Employability means that students and graduates can discern, acquire, adapt and continually enhance the skills, understandings and personal attributes that make them more likely to find and create meaningful paid and unpaid work that benefits themselves, the workforce, the community and the economy. (2015:59) (link)

Beverley also discusses work integrated learning and proposes a definition “work integrated learning occurs at various levels across a range of tasks that are authentic (the task resembles those required in professional life) or proximal (the setting resembles professional contexts). (2015:60) (link) She concludes that work integrated learning is “a means to an end (employability) rather than an end in itself”.

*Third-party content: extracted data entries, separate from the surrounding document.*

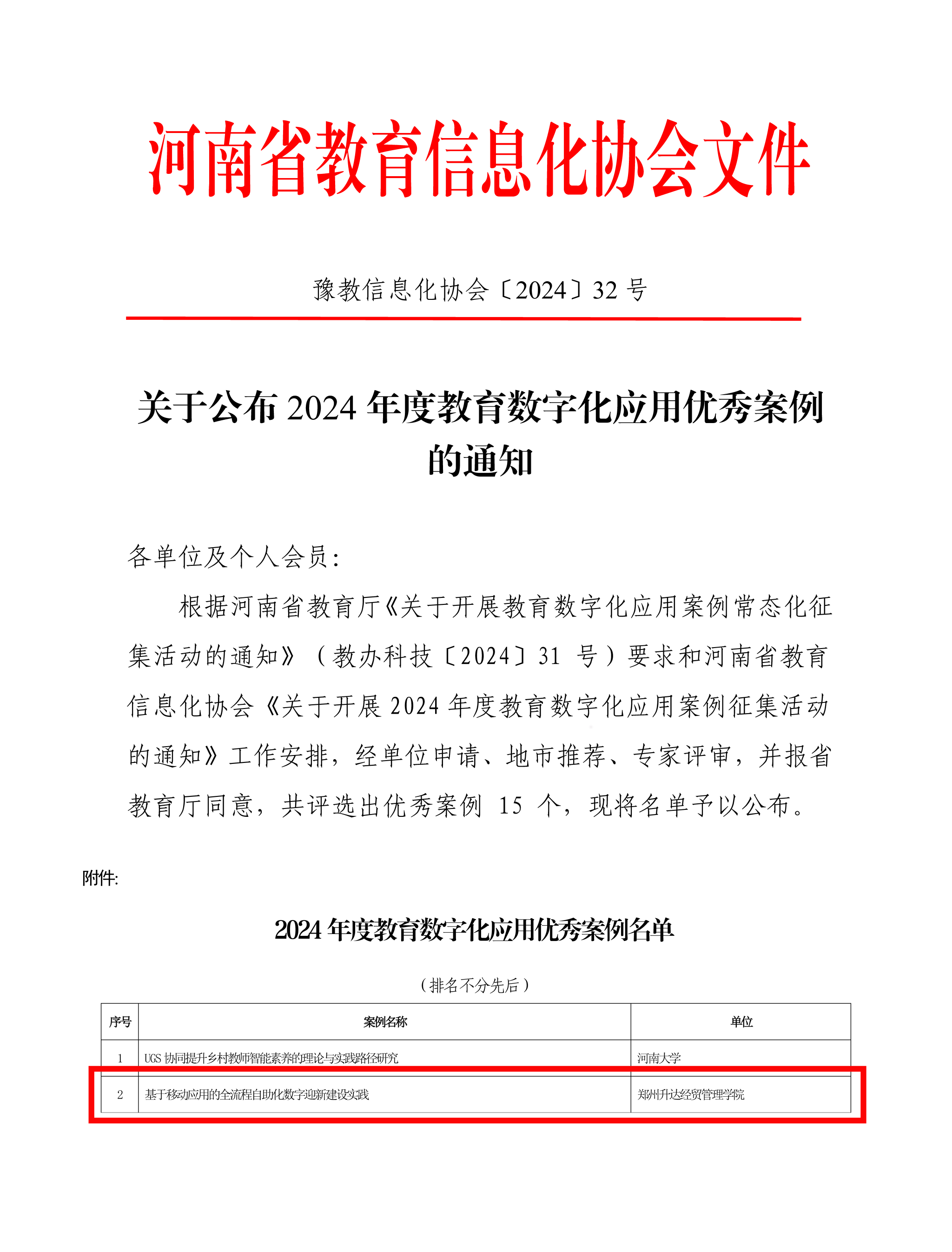近日,河南省教育信息化协会公布了《关于公布2024年度教育数字化应用优秀案例的通知》入选名单。本次案例评选活动,是依据河南省教育厅发布的《关于开展教育数字化应用案例常态化征集的通知》(教办科技〔2024〕31号)以及河南省教育信息化协会《关于开展2024年度教育数字化应用案例征集活动的通知》的相关要求与工作部署进行的。本次评选覆盖全省教育系统,经单位申请、地市推荐、专家评审,并报省教育厅同意,共评选出优秀案例15个,我校申报的《基于移动应用的全流程自助化数字迎新建设实践》案例入选优秀案例。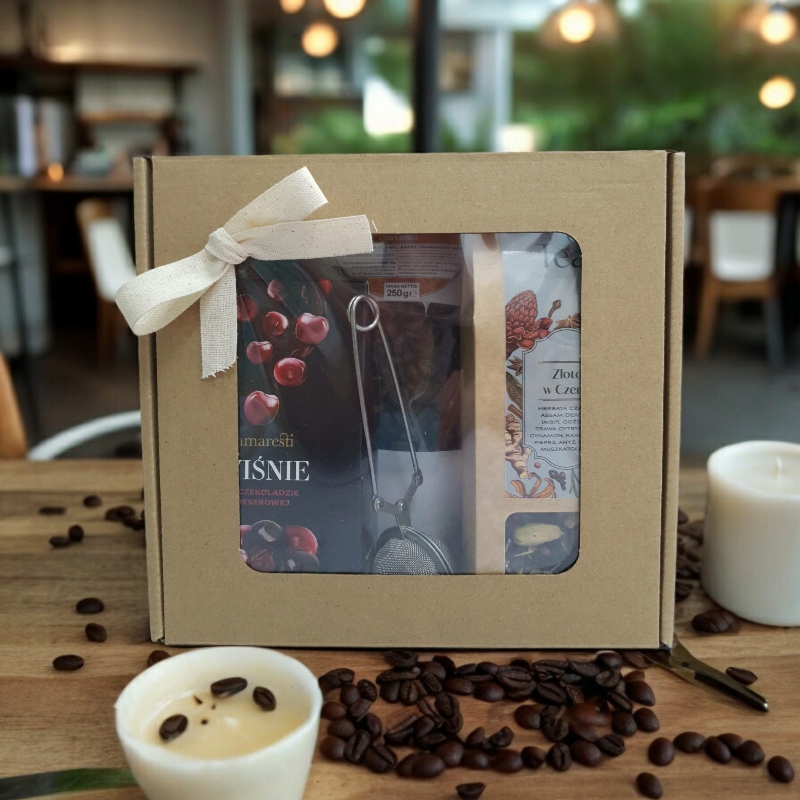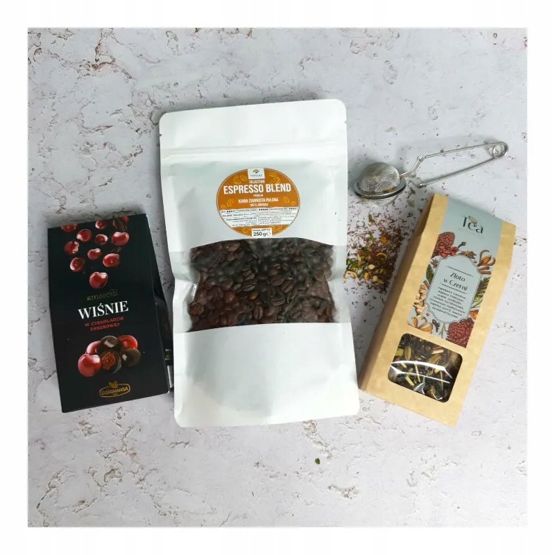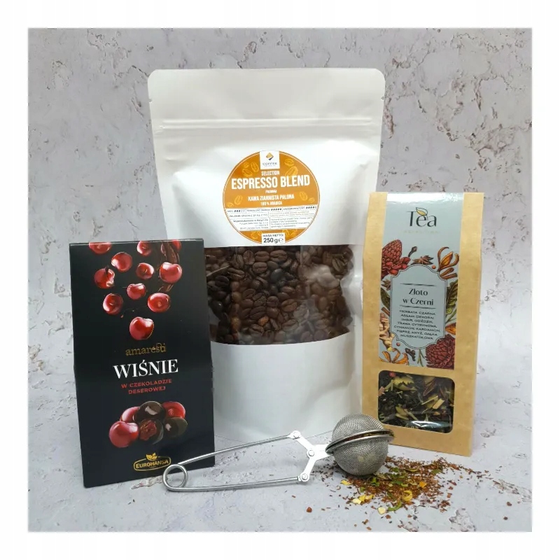 - У набір входить: - Вишні в темному шоколаді Amaresti (80г) - Чорний чай із "Golden" «Добавки в чорному» (50 г) - Чайне ситечко з нержавіючої сталі - Кава в зернах Selection Espresso Blend 100% Arabica (250 г)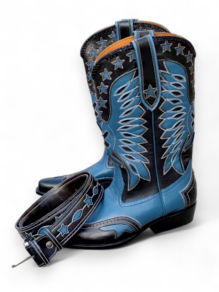 Crafted Leather New Classic Blue Black Dress Shoes Men Designer Cowboy Fashion Boot with Matching Belt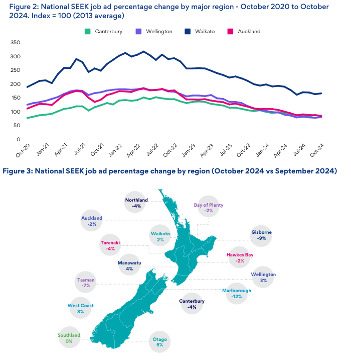 “Some regions, including Wellington and Waikato saw job ads rise in October, which is positive given the many months where the larger regions declined.”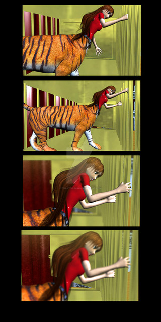 Viki is now a horse, of course.Her hair drops off her head like a loose wig and falls to the floor.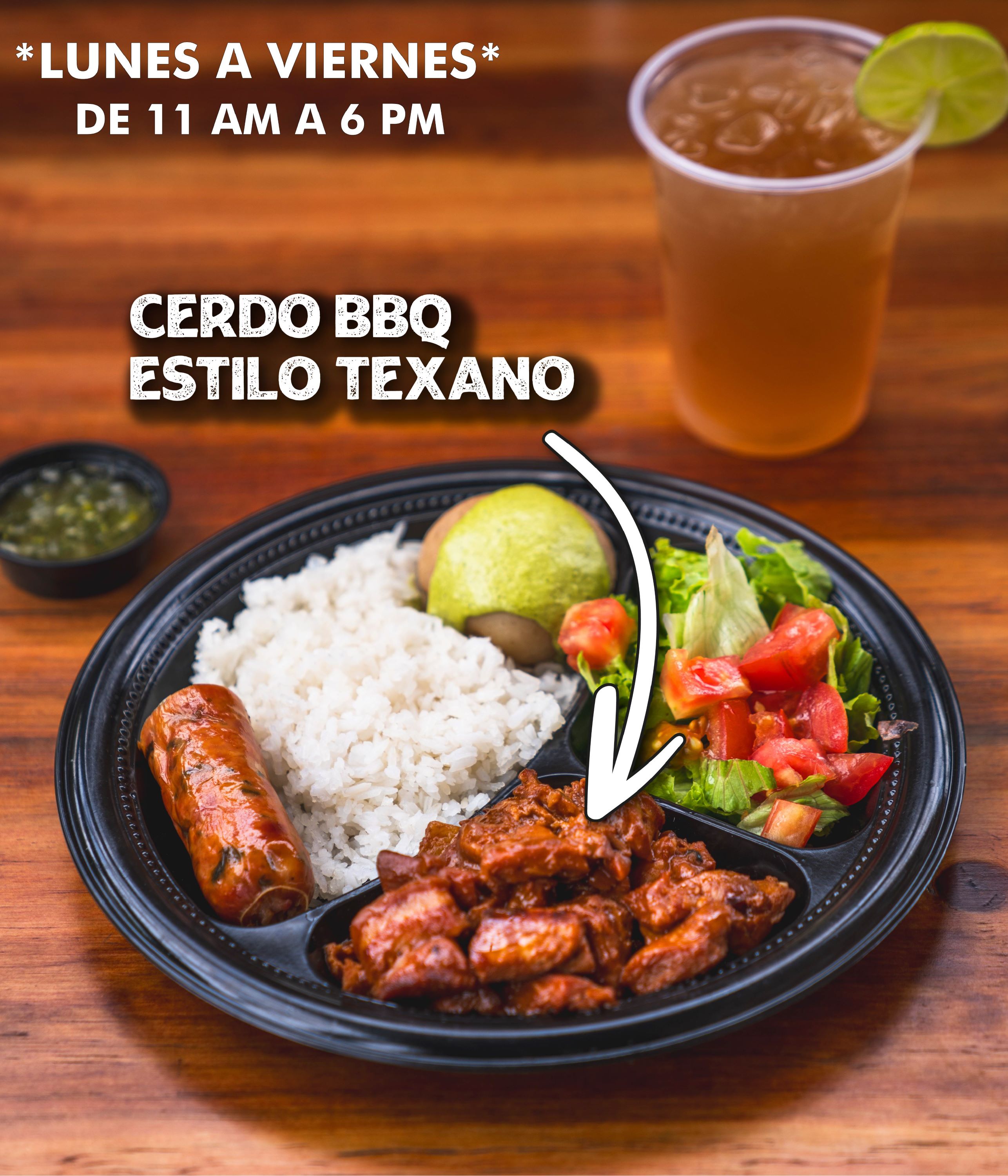 Cerdo bbq estilo texano + chorizo + arroz + papa cocida + ensalada + aguapanela.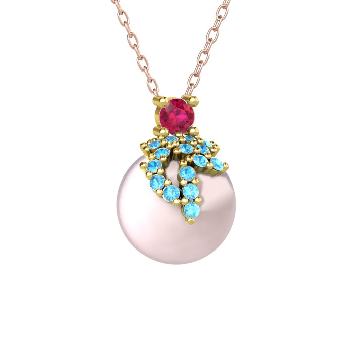 Rodolit garnet, akuamarin ve pembe inci 18 ayar altın kolye (40 cm rose altın rolo zincir)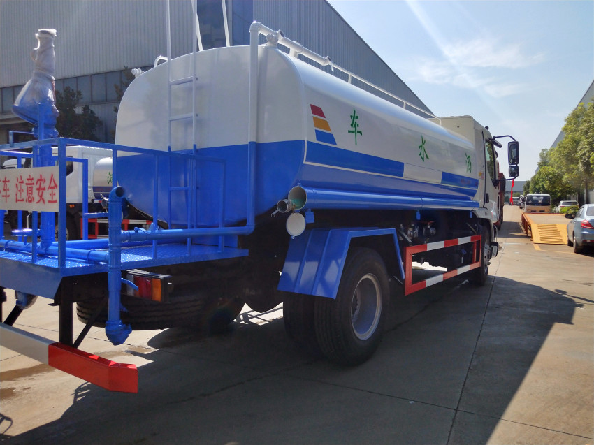灑水車吸程≧7米,灑水寬度≧14-16米,射程≧25-40米,引水時間<5min,流量60m3/h。前沖(噴)、后灑、帶側噴(花灑)、帶后工作平臺、平臺上安裝綠化灑水高炮(炮噴射形狀可調節:直沖、大雨、中雨、毛毛雨、霧狀、可連續調節,360°旋轉),配消防接口,自流閥,濾網,帶自吸自排功能。配備大功率專用灑水泵,泵可自吸自排,安裝過濾網,帶消防接口,可通過消防栓進水,帶自流閥,隨車選裝20米綠化卷盤,可噴灑農藥,罐體金屬漆。罐體有橢圓和方圓罐兩種,可根據用戶的要求定做

Five years later, Beverley, in a presentation to the TEQSA Experts Forum, discussed the role of micro credentials in a disrupted economy. She had written a report earlier in 2019 (link). Her report was titled Making micro-credentials work for learners, employers and providers. In the report, Beverley proposes “a micro-credential is a certification of assessed learning that is additional, alternate, complementary to or a formal component of a formal qualification”. She adds “credit-bearing micro-credentials include assessment aligned to a formal qualification level. Achievement of the learning outcomes leads to an offer of admission to or credit towards at least one formal qualification, regardless of whether or not the offer is taken up by the learner. Credit-bearing micro-credentials mirror and contribute to the academic standards required in the target qualification(s). The duration and effort required by the learner are in keeping with amount of credit earned in the target qualification(s)”.

Beverley’s report includes a visualisation of “an evolved 21C education system that will include interoperability between formal and non-formal learning so that new and prior knowledge and skills can be certified – rapidly, repeatedly, accessibly”.

Beverley explores some of these ideas in her proposed course a Certificate of Leadership in Strategic Risk Policy. The paradigm shift the course aims to bring about the consideration of risk in the policy development and implementation phases “so that emergent and unanticipated risks are mitigated”.